奴隷……ファンタジー物の基本ですが、いろいろ種類があるようで。
「ま、まあ、とにかく、セバス殿。同じ創造神様からの加護を持つ同士として、また使徒であるシンジ様の家臣として、これから一緒に動くことも増えると思います。よろしくお願いします」
胸で聖印を切り、深々と敬礼するフレディ。
それを受けて、深々と頭を下げるセバス。
「それで、奴隷の件なのですが」
頭を上げてセバスが切り出した。
「ああ、その件でいらっしゃったのでしたな。すぐに奴隷商館へ向かいましょう。
フレディに先導される形で、神殿を出る3人。だがフレディは、すぐ隣の建物に入る。
「え? ここなの?」
「はい、色々な事情もありますので」
シンジの驚きの声に、フレディが淡々と答える。
それはきれいな商館、といった建物だった。シンジの前世知識とイメージによる奴隷商館とは、似ても似つかない。
さすがに神殿傘下の奴隷商というところだろう。いくらテンプレであっても、イメージ通りの奴隷商館だったら、シンジはすぐに幼女にクレームを入れていただろう。
玄関に立つ2名の男性は、フレディを見るや深々と頭を下げた。
「これは大神殿長様、本日はいかがなされました?」
「ああ、ロバートは居るか?」
フレディの問いに、右側の年配の男が答える。
「はい、館長は執務中です。すぐに呼んで参りましょう。おい」
年輩の男が顎をしゃくると、若い方の男が走って館内に消えた。そしてすぐに、中年で細身の、上品なチョッキとスラックスに身を包んだ、口ひげの紳士を連れて来た。
「これはフレディ枢機卿様、昨日の件でしょうか?」
「そう、それもあって来たのだが、その前に紹介しよう。こちらはシンジ=クロス子爵様と、セバス殿だ」
「シンジ=クロスと申します」
「セバス=チャンと申します」
「クロス卿、こちらはこの商館の責任者で、ロバートです」
フレディは、男性を紹介してきた。
「子爵様にはご機嫌麗しく」
そこで、フレディがこちらに向き直る。
「クロス卿、彼は神殿関係者ですし、秘密も守れる男です。彼には明かしてよろしいでしょうか?」
フレディがそう言うのなら問題ないだろう。シンジは了承した。
「ロバート、魔術、技術の段位認定の話は聞いているか?」
「ええ、先日神殿から通達のあった、創造神様からもたらされたという新しい仕組みですね。それが何か?」
「それを神と交渉されたのが、このクロス卿だ」
ロバートの目が限界まで見開かれた。
「え? え? す、すると、聖痕をお持ちで……?」
残念ながら、シンジの背中は踏み踏みされていない。はっぱも。
「いや。クロス卿こそが、神からの使いとして降臨され、この私に聖痕をもたらした、偉大なる使徒様なのだ」
「へへーっ!!」
ロバートが、いきなりシンジの目の前で土下座してきた。使徒の肩書には、印籠並みの権威があるようだ。

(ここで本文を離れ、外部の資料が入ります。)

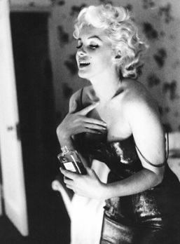 Due gocce di Chanel No. 5”. La sua battuta poi venne utilizzata sulla locandina pubblicitaria del profumo nel 1955, con una foto scattata a Marilyn da Ed Feingersh. Testimonial d’eccezione lo eleva a simbolo della sensualità.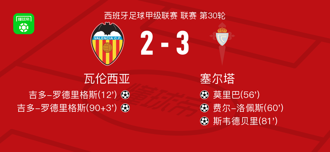 西甲第30轮:塞尔塔3-2客场逆转瓦伦西亚,斯韦德贝里传射建功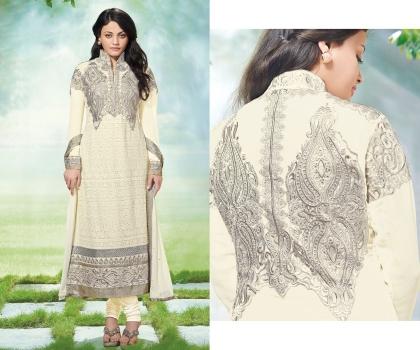 Cream georgette kameez, cream santoon bottom, cream chiffon dupatta with Zari, resham embroidery with stone work and Lace border.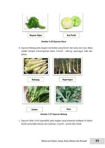 b. Sayuran Batang yaitu bagian tumbuhan yang terdiri dari buku dan ruas. Buku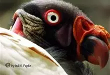 王鹫:是美洲鹫科、王鹫属大型食腐鸟类。体型很大,体长约78厘米。头部裸露,色彩极鲜艳醒目。嗉囊发达。尾短。它的头部及颈部没有羽毛,皮肤颜色有异,包括黄色、橙色、蓝色、紫色及红色。…全部>>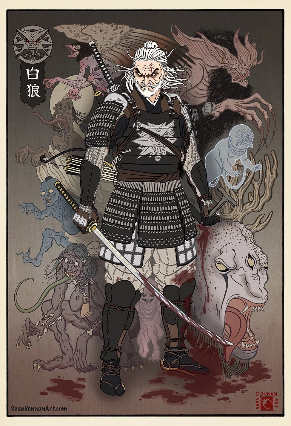 Художник сделал из ведьмака Геральта самурая, а Цири, Йен и Трисс превратил в японских воительниц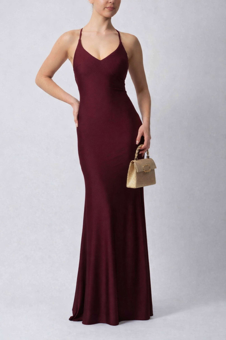 Style this wine backless prom dress with a sleek updo and statement earrings to highlight the back detail, and complete the look with metallic heels for effortless glamour.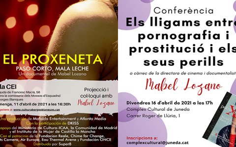 El diumenge 11 d'abril es projectarà a la Sala CEI de les Borges el documental "El proxeneta" i el 16 d'abril el Complex Cultural de Juneda acollirà la conferència "Els lligams entre pornografia i prostitució i els seus perills".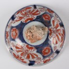 A Japanese Imari porcelain jar and domed cover with Buddhistic lion finial, 18th century, the ovoid body painted with flowers, height 24cm, together with a pair of matching jars, height 16cm.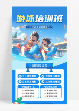 蓝色清新插画风儿童少儿游泳培训班3dh5长图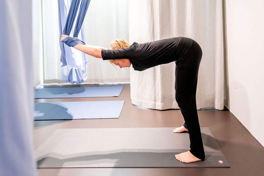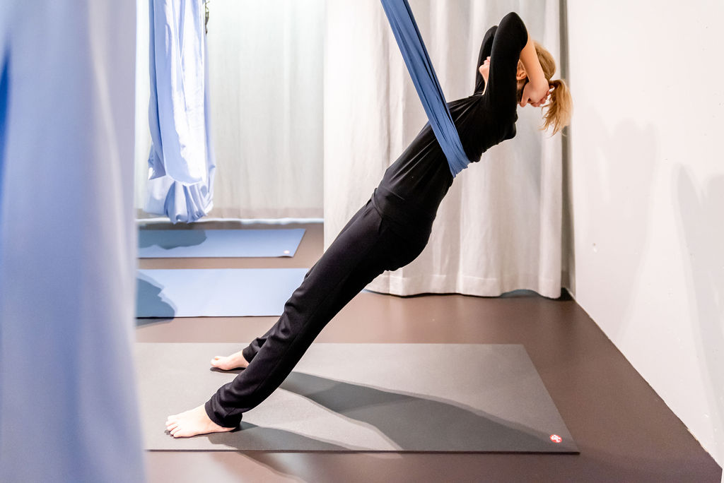 Het woord geeft het al aan: je zweeft letterlijk boven de grond omdat je in een stoffen doek hangt die aan het plafond is bevestigd. De doek ondersteunt en draagt in alle asana's, wat dieper strekken, zachte versterking en bijna gewichtloze ontspanning mogelijk maakt.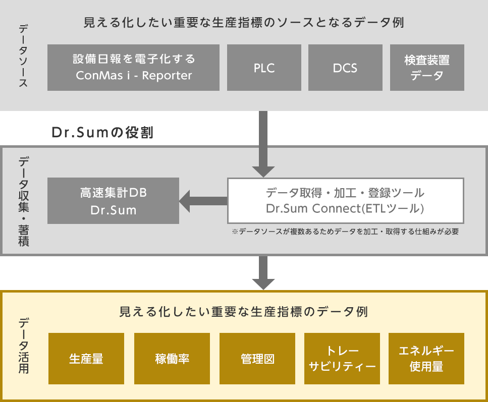 ものづくりの見える化を実現するために、「Dr.Sum」から様々なデータを抽出し、自由自在にさまざまなKPIを見える化するのがMotionBoardです。そのため、下記の様な課題を解決できます。

「それでな、君が昨日相談に来た件だが、クロス卿なら治せるかもしれんと連れてきたのだよ」
「ん? 治せる?」
シンジは、聞き流せないひと言を耳にした。
「そ、それでは、すぐにあの子たちのところへ!」
ロバート氏は、ガバッと立ち上がると、俺の手を取り、すぐに奥の部屋に引っ張った。
◇
「その事件は4日前に起こりました」
歩きながら、ロバートが話し出す。
「1件の商店が、いきなり火事になったのです。原因は失火だと言われていますが、私は疑っています」
疑う要素があるという事だろうか?
「その商店は、店舗を大きくするため、新しく店舗となる店を買い取ったばかりでした。商売の上手い店主で、新店舗ではこれから大きくなるだろうと思われていたのです」
よくある成功者の話ではある。
「ですが、すべての契約が終わり、改装も終わり、新店舗での営業準備を始めようとしたその夜に、店舗は火事になりました。店主夫婦は焼死、助け出された娘は重傷で、手足を切断せねばならない状況でした」
なるほど、タイミングが悪すぎる話だ。
「営業準備前だったため、商品は前の店舗に残されていました。が、改装費用や土地代などで少々の借金があったのです。このため、新店舗の土地も、前店舗の商品もすべて取られ、娘2人は残った借金とケガの治療代で奴隷に落とされました」
「少々の借金で、奴隷に落とされるの?」
「医者は水魔術しか使えませんし、腕はそこそこレベルです。その割に緊急だという事で、かなりの高額費用を請求されたようです」
聖魔術ほどの効果はないが、水魔術も治療に使うことが出来る。シンジは、深いケガや病気、呪い関係は聖魔術を使い、軽いケガは水魔術で治す。何故なら、聖魔術は魔力を大量に使うからだ。
シンジはチュートリアルで戦いながら傷を治す必要があった。だから、魔力の節約のためと、集中が必要な聖魔術は戦いの後に使うケースが多かったのだ。
「事情が事情ですので、大神殿長様は不在でしたが、神官の皆様と相談し、奴隷として引き取ることにしました。が、時間が経っていたこともあり、やけどの跡と切断された手足はどうにもならず……」
そこでフレディも話に加わる。
「私も昨日話を聞き、聖魔術で出来る限りやってみましたが、腕と足を完全に喪失して数日経ってしまっているので、どうにもなりませんでした」
魔術は万能ではない。フレディの聖魔術は四段だったらしい。フレディ以外は三段の者までしかおらず、対処できなかったようだ。
そして、部屋の扉の前に着いた。
「ショックを受けられませんよう」
ロバートは、小声でそう言いながら扉を開いた。